New Delhi: he Union cabinet on Thursday approved the process that will see FM radio extend its coverage almost threefold across the country and made changes to ownership rules that could spark a round of consolidation and attract more foreign investment.
The cabinet gave its assent to the information and broadcasting (I&B) ministry’s proposal to conduct e-auctions for the award of licences in what will be phase III of the FM expansion plan, in which as many as 839 new channels will be available to bidders.
“It extends FM radio services to about 227 new cities,” I&B minister Ambika Soni said. Currently there are at least 250 radio stations in 86 cities.
Private operators can now own more than one channel in a city, but not more than 40% of all the stations in a city.
“Allowing multiple frequencies could lead to M&A (mergers and acquisitions) activities,” said Prashant Panday, chief executive officer (CEO) of Radio Mirchi, run by Entertainment Network (India) Ltd (ENIL). “However, there are still too few channels (allowed) in each major market.”
The cabinet also increased the cap on foreign direct investment (FDI) and investments by foreign institutional investors in FM radio broadcasting firms to 26% from 20%.
It’s a move in the right direction, but not enough, said Apurva Purohit, CEO of Radio City, promoted by Music Broadcast Pvt. Ltd. “A shift from 20% to 26% is hardly what you call a huge switch. It’s certainly not the ideal FDI limit for radio,” she added.
The e-auction will escalate the licence fee, especially for frequencies in Delhi, Mumbai and other metros, said S. Keerthivasan, business head (radio and entertainment) at HT Media Ltd. He said that ideally FDI should have been raised to 74% in private FM. HT Media, the publisher of Mint, runs the Fever 104 FM radio station in four cities.
The new licences will lead to 30% year-on-year growth for the radio industry, said Tarun Katial, CEO of Reliance Broadcast Network Ltd (RBNL), which runs 92.7 Big FM stations.
“At RBNL, we will be looking at multiple frequencies which will be a revenue multiplier without huge incremental capex/opex,” he said in an email. “In addition to key urban centres and a network of C and D cities, the significant increase in radio inventory and the pricing power offered by multiple frequencies in cities will lead to content innovations and drive growth.”
The government said the first two phases resulted in a total revenue accrual of Rs 1,733 crore. That expected from the new auctions is Rs 1,532 crore.
Soni said phase III licences will be issued for 15 years instead of the usual 10 years.
The e-auctions will be conducted in batches and details of the process will be decided by the ministry later. The ministry will appoint an independent expert agency through a transparent process to conduct the e-auctions.
“I think the overall policy is good.
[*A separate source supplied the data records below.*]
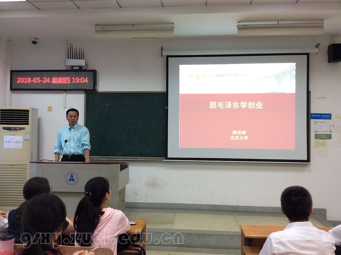 (通讯员王潇潇)2018年5月24日晚,由人力资源管理系主办的学术讲座“跟毛泽东学创业”在文泰楼311教室成功举办。主讲人是北京大学创新研究院副院长顾佳峰博士,讲座由人力资源管理系主任赵琛徽教授主持,讲座盛况空前,100余名本科生和硕士生积极参加了此次讲座。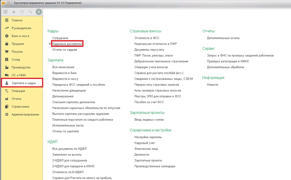 При включенном режиме функциональности нужно последовательно перейти в пункты «Зарплата и кадры» - «Кадровые документы».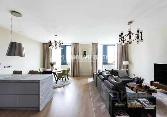 Площадь квартиры 155 кв.м, потолки 3,2 м, перепланировка выполнена в соответствии с законом (все документы имеются). На первом уровне расположены: прихожая, санузел и три комнаты (просторная кухня-гостиная, спальня, кабинет). Санузел оборудован итальянской сантехникой, английской душевой кабиной, элегантной мраморной ванной; пол и стены отделаны керамогранитом Kerama Marazzi; выполнен авторский витраж с подсветкой. Из кухни-гостиной на второй этаж ведет красивая деревянная лестница, которая является украшением квартиры. На втором уровне расположены: просторная комната отдыха с электрокамином, две изолированные спальни со встроенной мебелью, санузел, встроенная система хранения.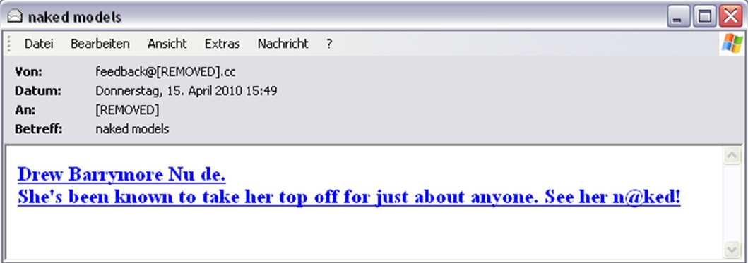 Die Kriminellen preisen hier vermeintlich peinliche oder skandalöse Bilder und Videos, beispielsweise von Prominenten oder zu aktuellen Ereignissen an. Die Mail enthält entweder einen infizierten Ahang oder einen Link zu einer verseuchten Webseite. Der Schadcode, mit dem der Nutzer seinen Computer infiziert kann u.a. den PC in ein Botnetz einbinden, oder Passwörter und sensible Daten ausspähen.
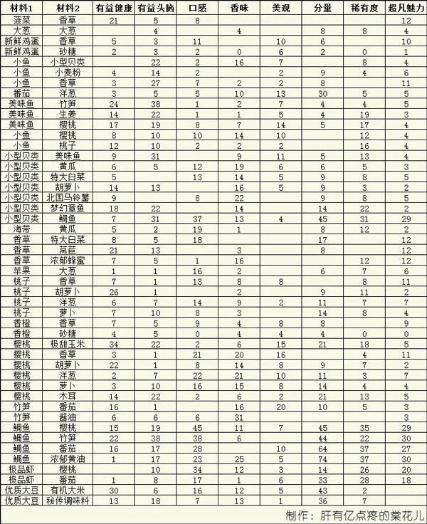 这个表也有它一定的适用范围,它在料理本身八维数值都极其临近100的时候可能会出现降低某种数值的情况。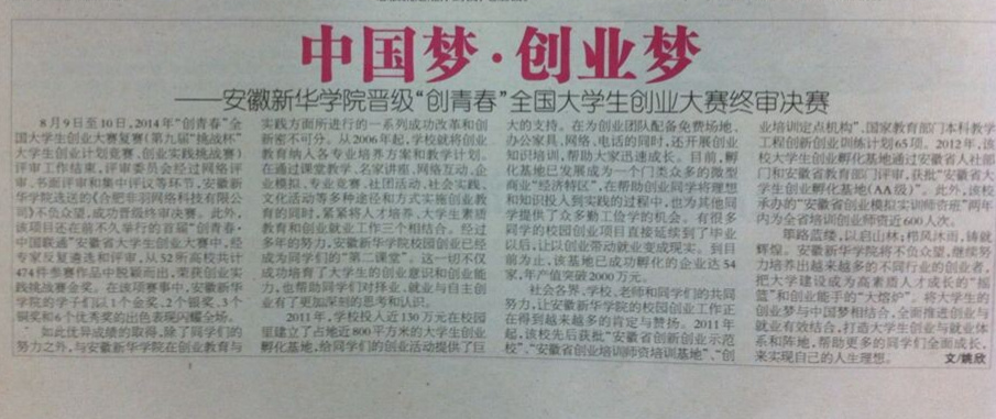 新安晚报:中国梦.创业梦——beat365网登晋级“创青春”全国大学生创业大赛终审决赛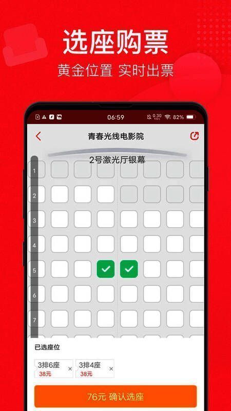 4. 支持提前在线选座,覆盖全国7000多家影院,实时跟踪放映时间,无需等待即可提前选好座位。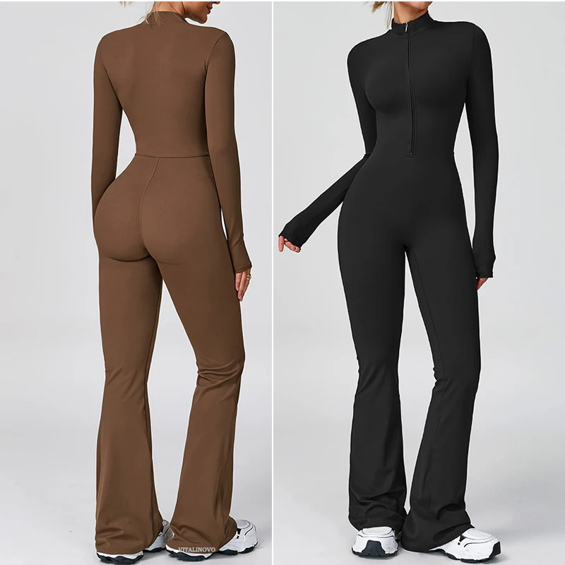 بذلة واسعة الأكمام طويلة الأكمام: ستضيف هذه البذلة ذات الساق الواسعة من قطعة واحدة إحساسًا بالأناقة والأناقة إلى نزهات الخريف والشتاء.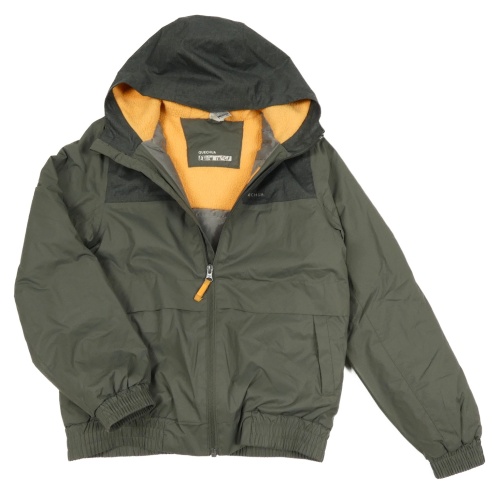 • Tmavokhaki/šedá šušťáková funkčná zateplená bunda s logom a kapucňou Quechua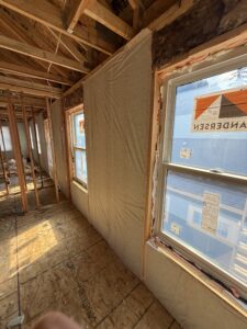 Insulation is being installed in the Minneapolis build by Icon Homes. The 2 lb closed-cell spray foam is installed, and the netting for the blown insulation is being fitted. The fiberglass batts visible on the floor are for the header areas where the 2 lb closed-cell spray foam did not fill the space. The header area is too small volume-wise for the blown-in insulation, so fiberglass batting is used.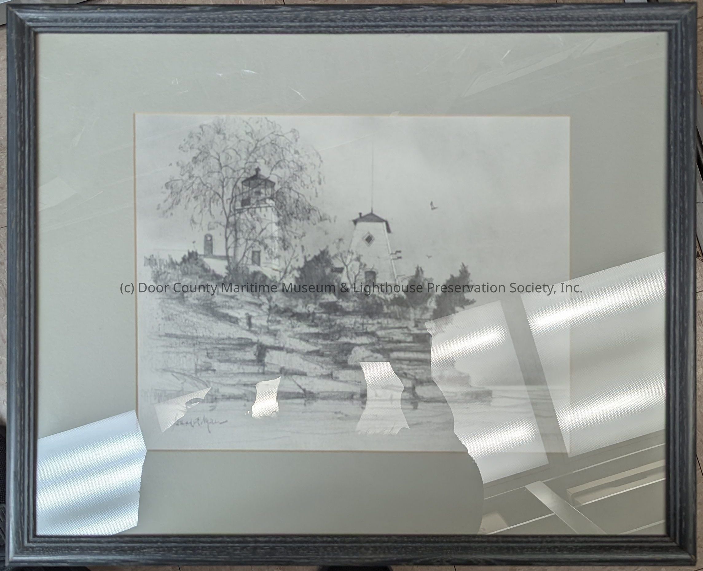Framed drawing of Sherwood Point Lighthouse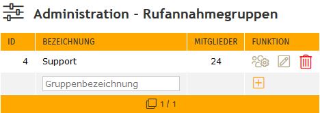 Das Symbol dient zur Neuanlage einer Rufannahmegruppe,

But we have a principled disagreement on e-auctions for radio. E-auctions are a great method of auctions for telecom, but for radio, a ‘single-step tendering’ process would be better,” ENIL’s Panday said.
“In e-auctions, all frequencies are auctioned for the same price. This would lead to a loss of content plurality (content diversity) since no one would like to do a niche programming format after bidding so high,” he said. “Having said that, ENIL specifically has no worries with respect to e-auctions. In fact, e-auctions will benefit ENIL.”
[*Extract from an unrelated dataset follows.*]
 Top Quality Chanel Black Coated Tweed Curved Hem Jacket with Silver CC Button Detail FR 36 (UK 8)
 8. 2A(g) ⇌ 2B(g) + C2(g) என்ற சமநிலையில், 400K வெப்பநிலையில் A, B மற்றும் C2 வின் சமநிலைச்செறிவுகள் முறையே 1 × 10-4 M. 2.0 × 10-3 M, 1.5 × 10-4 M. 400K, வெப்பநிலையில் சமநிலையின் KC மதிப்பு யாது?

Broadcasters were concerned the e-auction model may give those with deep pockets an advantage, Radio City’s Purohit said. “Still, we expect to see a lot of local and regional players come forth and bid for new licences,” she added.
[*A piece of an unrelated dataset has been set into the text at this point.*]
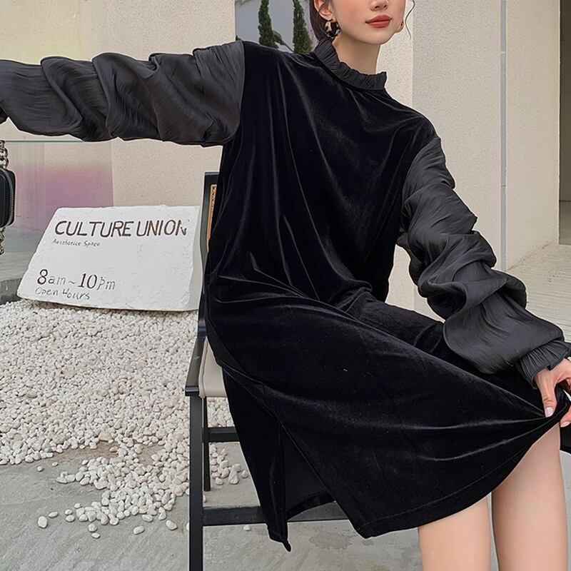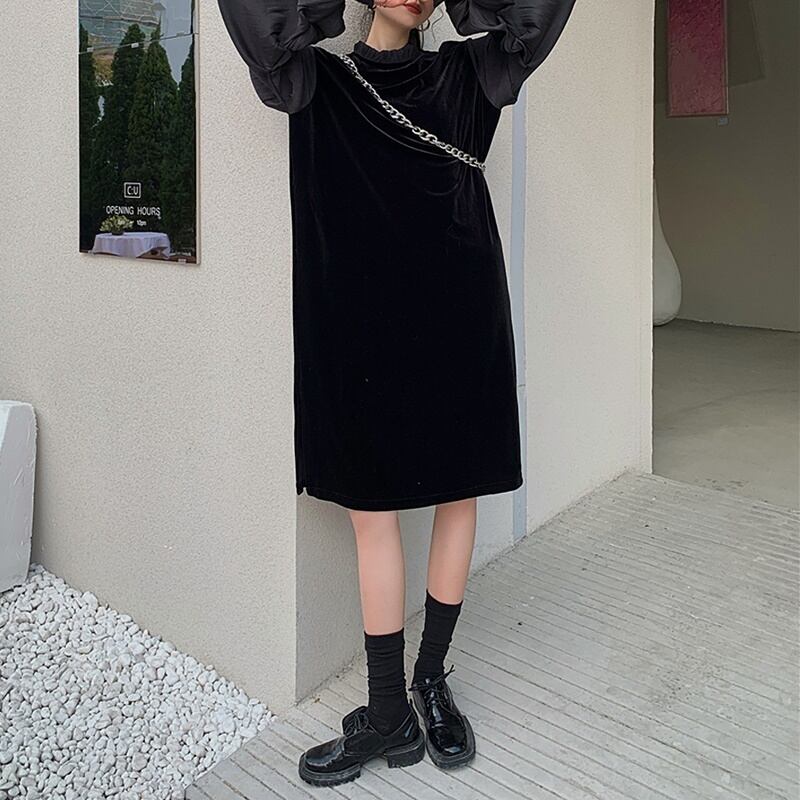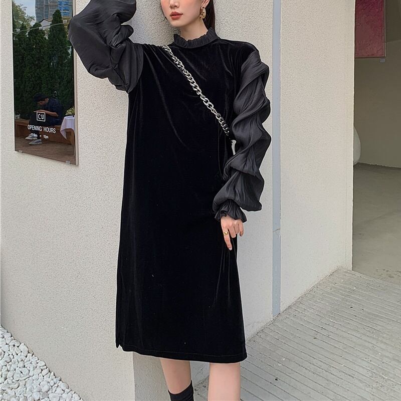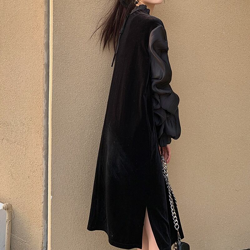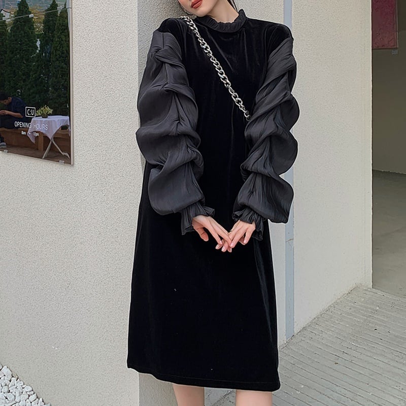 シック ハイネック ボリューム袖 長袖 ワンピース *on794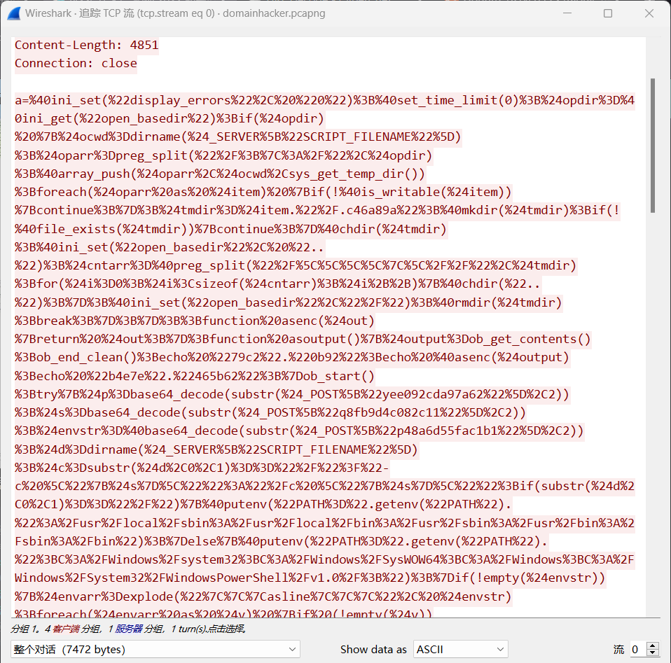 将蚁剑的正文内容进行URL解码后,流量最中明显的特征为@ini_set("display_errors","0");这段代码基本是所有WebShell客户端链接PHP类WebShell都有的一种代码,但是有的客户端会将这段编码或者加密,而蚁剑是明文,所以较好发现,同时蚁剑也有eval这种明显的特征。

The government has also eased content rules for private FM channels, which currently can’t carry news broadcasts. They will now be allowed to carry news bulletins from All India Radio. Public service information will also be allowed as it won’t come under the label of news and current affairs. This relates to information on sports, traffic, weather, cultural events, exam results, admissions, career counselling and job opportunities. They will also be allowed to carry announcements regarding civic amenities—electricity, water supply, natural calamities, health—as provided by the local administration.
At the national level, the ownership limit for radio channels has been retained at 15%. However, as an incentive, bidders in Jammu and Kashmir, the north-eastern states and island territories will be allowed to exceed the 15% ownership limit at the national level. Private FM broadcasters in these regions will only be required to pay half the rate of the annual licence fee for the first three years.
Cabinet approval was the first step in the road to the long-awaited phase III, said Smita Jha, consulting head (entertainment and media) at PricewaterhouseCoopers (PwC).
The changes “will help the radio stations in innovations and thereby improve ad revenues, which in turn will positively impact their margins under pressure”, she said.
The increase in the foreign investment limit is in line with the government’s overall objective, Jha said. PwC estimated last year that the radio industry will be worth Rs 1,600 crore in 2014, up from Rs 1,000 crore now, growing at a compounded annual growth rate of 19.2%.